このことに加え,上記検討した本件手術後からの原告の症状,本件手術の内容,本件手術を行った関節の直上で本件神経が狭細化し,途絶していたこと,他に本件神経が損傷する原因となる事情が認められないことを総合すると,本件神経は,本件手術の際に損傷したものと認めるのが相当であり,これに反する証拠はない。

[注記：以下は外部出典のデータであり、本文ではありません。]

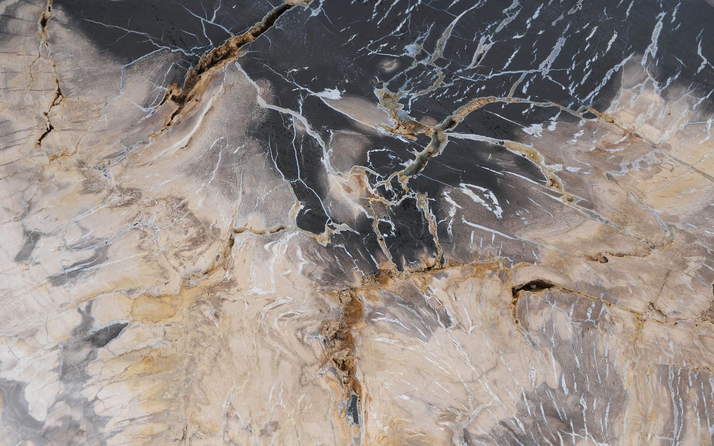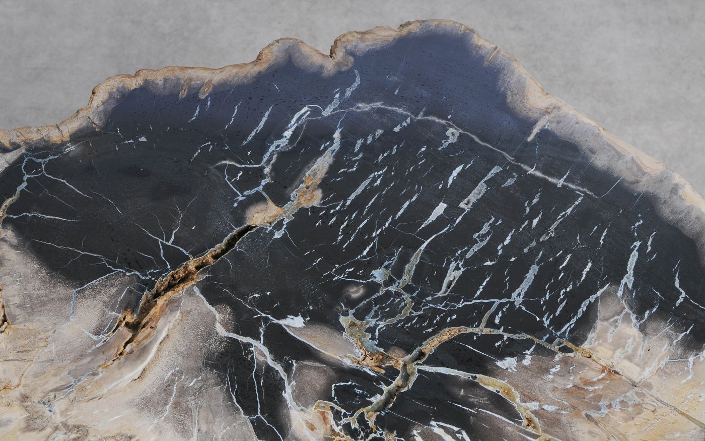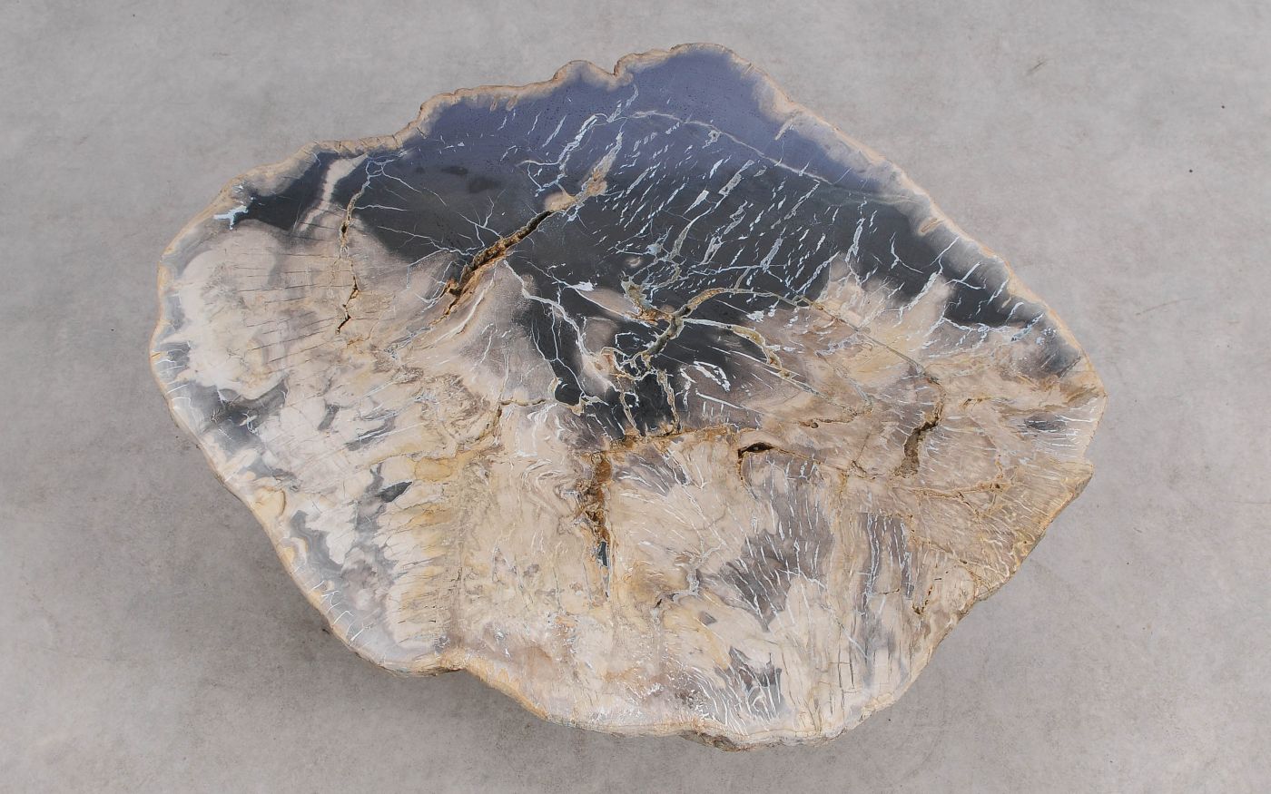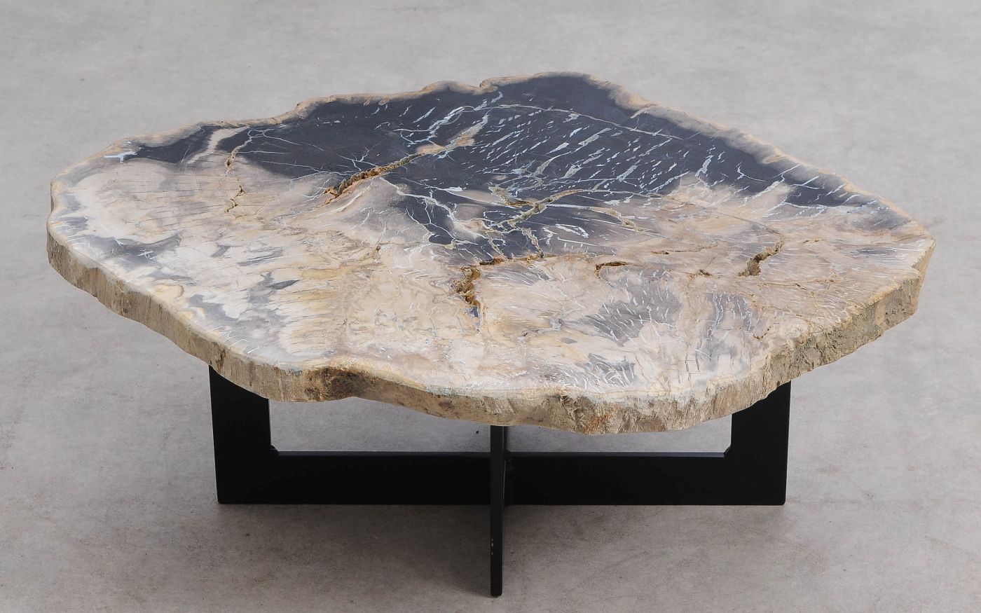 Deze unieke salontafel van versteend hout past in ieder interieur. Het tafelblad is gezaagd uit een grote versteende boom, die ongeveer 20 miljoen jaar geleden geleefd heeft. De kleuren zijn bepaald door de mineralen die het hout van deze boom vervangen hebben.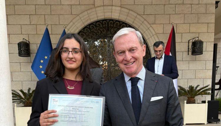 السفير الفرنسي في عمان يكرم الطالبة لمار الراميني لتفوقها بامتحان اللغة الفرنسية المدرسي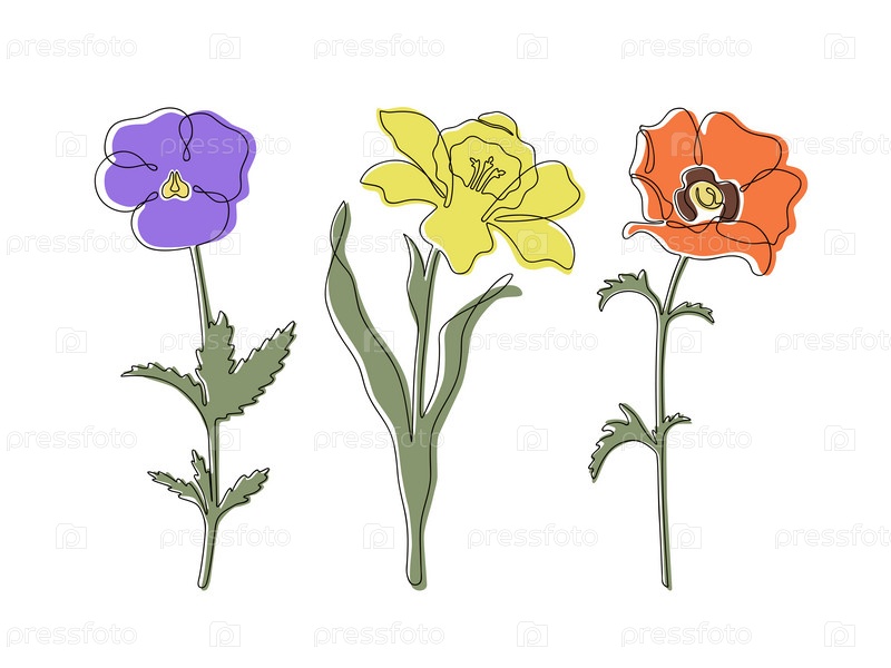 Линейные цветы фиолетовые, нарциссы, пятна мака на белом фоне

イ 皮膚の切開から閉創に至るいずれの段階のいずれの手技により,本件神経が損傷したかは特定されていないが,本件手術において注意義務を尽くしたとしても,橈骨神経を損傷することがあり得るといった主張もない以上,本件においては,B医師に何らかの手技上の過失があったものと推認せざるを得ない。
重要な判示(因果関係・損害)
一般に,外傷性神経腫に伴う疼痛のため,患者は日常生活に支障をきたし,さらには廃用手に移行することもあり(甲B12・243頁),また,手領域の神経腫は痛みを伴うものであり,しばしば患者が日常生活を遂行することを困難にするものであること(甲B14の1・499頁)が認められる。この点について,1審原告は,現在,利き手である右手の痛みが続いていること等から,従来行っていた整体師の仕事をしておらず,服の脱着が難しい等日常生活に支障を来している状態である旨供述しているところ,上記供述は上記指摘と整合しており,信用することができる。
そうすると,1審原告の後遺障害が,後遺障害等級7級4号にいう「神経系統の機能又は精神に障害を残し,軽易な労務以外の労務に服することができないもの」に該当するということはできないが,後遺障害等級9級10号の「神経系統の機能又は精神に障害を残し,服することができる労務が相当な程度に制限されるもの」に該当するというべきであり,労働能力を35%喪失したものと認めるのが相当である。
弁護士からのコメント
医療弁護士オンラインの弁護士齋藤が担当した事案です。
手術中に神経を損傷したことが避けがたい合併症だったという主張を被告病院がしてくることも予想されましたが、被告病院は、本件手術中には神経損傷が生じておらず後医による手術によって神経損傷が生じたとの立場を譲りませんでした。そのため、本件手術中の神経損傷の有無によって被告の過失の有無が左右されることとなりました。
被告病院の主張が上記のような主張をしたため、後医による全面的な協力を得ることができました。
原告の後遺障害はCRPSの基準を満たさないものでしたが、控訴審では後遺障害の実態が適切に評価され、より高い等級の認定を勝ち取ることができました。